For the entries that follow, set down each one exactly and drop any pictures.

++++

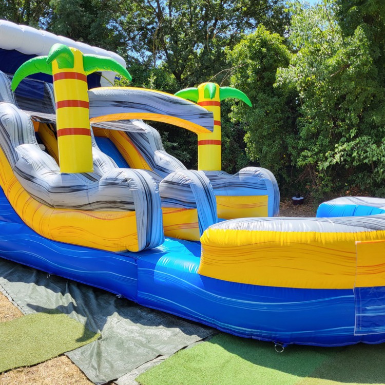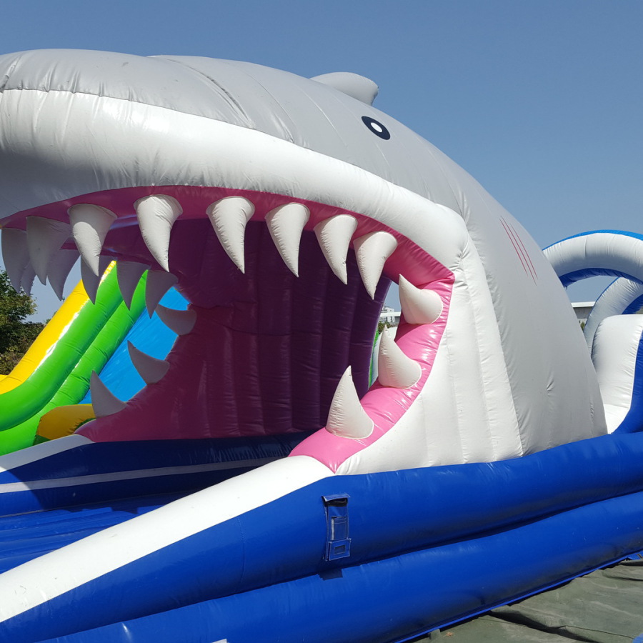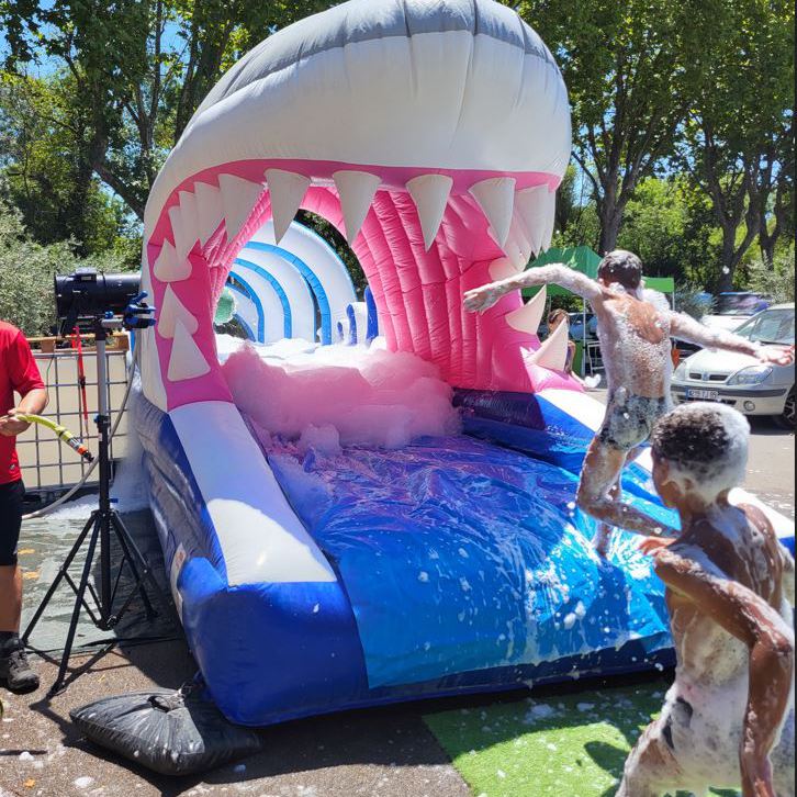 Ce ventriglisse gonflable requin permet aux enfants et adultes (à partir de 3 ans) de courir et glisser sur une piste aquatique pleine de sensationsavec une entrée originale par la gueule du requin
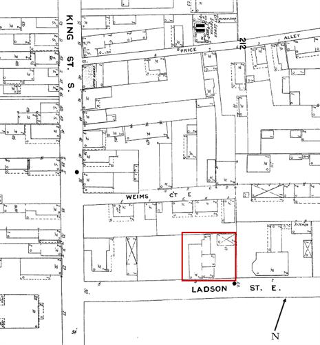 The Hayne house, 1902. George B. Edwards bought today's 2 Ladson, 4 Ladson, and 30 King Street in 1890, and cooperated with City Council to have Ladson Court extended to King Street in 1893. He relocated the Hayne house northward, and made it his residence. The 26' wide street was then laid through the empty lot. |
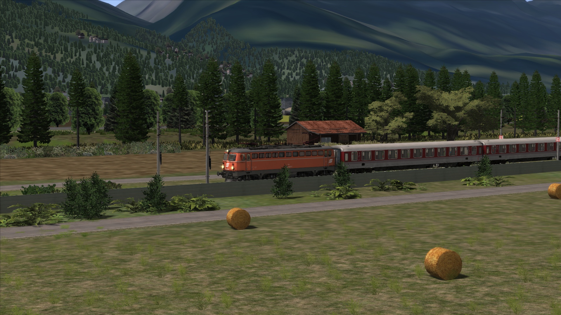 Mit der ÖBB Rh 1042 dem Brenner hinauf. Szenario OBB 1042 Brenner Zug, Personenwagen sind getauscht.
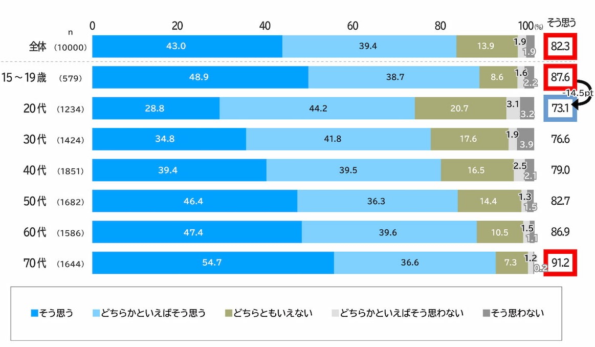 今後5年間で気候変動の影響が強まるかどうかを尋ねる調査では「そう思う」「どちらかといえばそう思う」と回答した人は全体の82.3%を占めた。世代別では、70代(91.2%)、15~19歳(87.6%)での比率が高く、20代(73.1%)が最も低くなった。
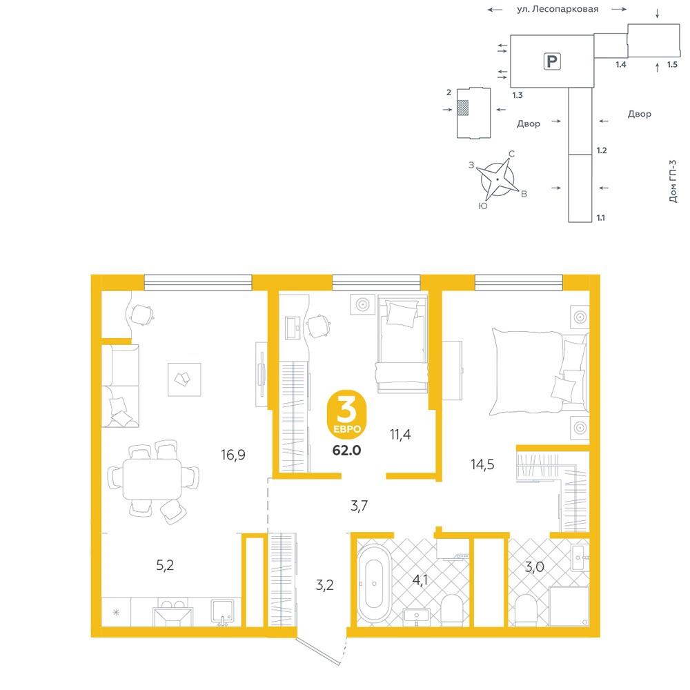 Квартира располагается в ГК «Чистые Пруды» от «Паритет девелопмент». Это флагманский проект компании в Тюмени. <br>Расположение вдали от шумных улиц и оживленного центра создает ощущение жизни на природе и окружает тишиной и спокойствием. Есть вся необходимая социальная и коммерческая инфраструктура: магазины и сфера услуг на первых этажах. Школы, сады, поликлиника, парки в шаговой доступности.<br>Квартал строится в районе Новой Лесобазы. Рядом выезд на объездную, что существенно экономит время. Поездка до центра города на автомобиле занимает 15-20 минут.<br>Городские кварталы «Чистые Пруды»сформирован из домов переменной этажности и многоуровневых паркингов. Ввод 1 очереди строительства запланирован на II кв. 2028 года. <br>Всё благоустройство квартала представлено двумя функциональными зонами: приватная внутри дворовая и общественная. Каждый закрытый двор имеет выход на единую променадную зону - бульвар.<br>Концепция благоустройства основана на принципе модульности, что формирует основную идею приватности. Приватность проекта подчеркивает его особенный климат внутри. Модульное благоустройство позволит максимально эффективно использовать пространство двора и удовлетворить потребности различных категорий жителей.<br>В квартирах базово выполнена улучшенная черновая отделка, которая включает в себя: выровненные стены, стяжка пола с шумоизоляцией, горизонтальная разводка отопления, установлены счетчики с телеметрией, окна с 5-камерным профилем и надежные входные двери.<br>При желании можно добавить ремонт от застройщика и включить его в стоимость ипотеки, что позволит сэкономить на стройматериалах и переехать сразу после получения ключей. <br>Характеристики квартиры:<br>этаж - 24<br>количество комнат - 3<br>номер помещения - 230<br>площадь квартиры - 62 кв.м<br>Гармоничные пропорции и большие окна наполняют пространство светом, создавая уютную атмосферу. Умное зонирование позволяет удобно организовать как рабочую, так и жилую зоны, что особенно важно для современных жителей. Санузел спроектирован с учетом всех потребностей: здесь есть ванна и место для стиральной машины. Каждый метр квартиры используется с максимальной эффективностью, что делает эту планировку отличным выбором для тех, кто ценит комфорт и удобство. |
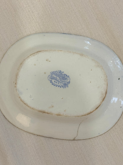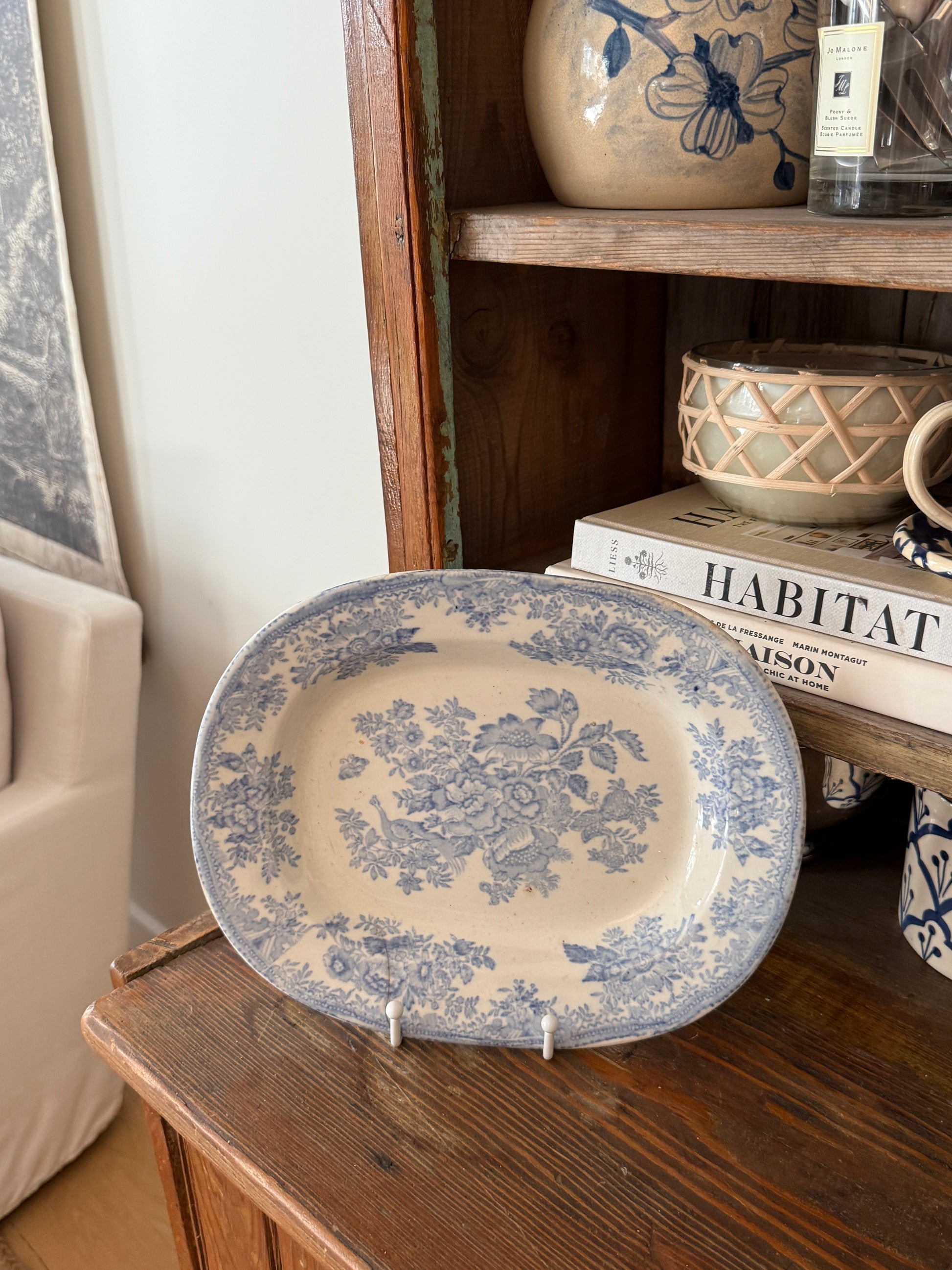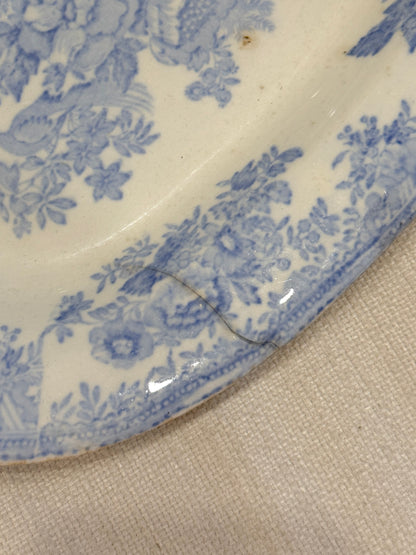 This transferware platter has a delicate blue & white pattern. As an antique piece, it shows its history with chipping on the base and a chip that's been glued back together (as shown in photos)!

++++

Final answer:
 Ce ventriglisse gonflable requin permet aux enfants et adultes (à partir de 3 ans) de courir et glisser sur une piste aquatique pleine de sensationsavec une entrée originale par la gueule du requin
 The Hayne house, 1902. George B. Edwards bought today's 2 Ladson, 4 Ladson, and 30 King Street in 1890, and cooperated with City Council to have Ladson Court extended to King Street in 1893. He relocated the Hayne house northward, and made it his residence. The 26' wide street was then laid through the empty lot. |
 Mit der ÖBB Rh 1042 dem Brenner hinauf. Szenario OBB 1042 Brenner Zug, Personenwagen sind getauscht.
 今後5年間で気候変動の影響が強まるかどうかを尋ねる調査では「そう思う」「どちらかといえばそう思う」と回答した人は全体の82.3%を占めた。世代別では、70代(91.2%)、15~19歳(87.6%)での比率が高く、20代(73.1%)が最も低くなった。
 Квартира располагается в ГК «Чистые Пруды» от «Паритет девелопмент». Это флагманский проект компании в Тюмени. <br>Расположение вдали от шумных улиц и оживленного центра создает ощущение жизни на природе и окружает тишиной и спокойствием. Есть вся необходимая социальная и коммерческая инфраструктура: магазины и сфера услуг на первых этажах. Школы, сады, поликлиника, парки в шаговой доступности.<br>Квартал строится в районе Новой Лесобазы. Рядом выезд на объездную, что существенно экономит время. Поездка до центра города на автомобиле занимает 15-20 минут.<br>Городские кварталы «Чистые Пруды»сформирован из домов переменной этажности и многоуровневых паркингов. Ввод 1 очереди строительства запланирован на II кв. 2028 года. <br>Всё благоустройство квартала представлено двумя функциональными зонами: приватная внутри дворовая и общественная. Каждый закрытый двор имеет выход на единую променадную зону - бульвар.<br>Концепция благоустройства основана на принципе модульности, что формирует основную идею приватности. Приватность проекта подчеркивает его особенный климат внутри. Модульное благоустройство позволит максимально эффективно использовать пространство двора и удовлетворить потребности различных категорий жителей.<br>В квартирах базово выполнена улучшенная черновая отделка, которая включает в себя: выровненные стены, стяжка пола с шумоизоляцией, горизонтальная разводка отопления, установлены счетчики с телеметрией, окна с 5-камерным профилем и надежные входные двери.<br>При желании можно добавить ремонт от застройщика и включить его в стоимость ипотеки, что позволит сэкономить на стройматериалах и переехать сразу после получения ключей. <br>Характеристики квартиры:<br>этаж - 24<br>количество комнат - 3<br>номер помещения - 230<br>площадь квартиры - 62 кв.м<br>Гармоничные пропорции и большие окна наполняют пространство светом, создавая уютную атмосферу. Умное зонирование позволяет удобно организовать как рабочую, так и жилую зоны, что особенно важно для современных жителей. Санузел спроектирован с учетом всех потребностей: здесь есть ванна и место для стиральной машины. Каждый метр квартиры используется с максимальной эффективностью, что делает эту планировку отличным выбором для тех, кто ценит комфорт и удобство. |
 This transferware platter has a delicate blue & white pattern. As an antique piece, it shows its history with chipping on the base and a chip that's been glued back together (as shown in photos)!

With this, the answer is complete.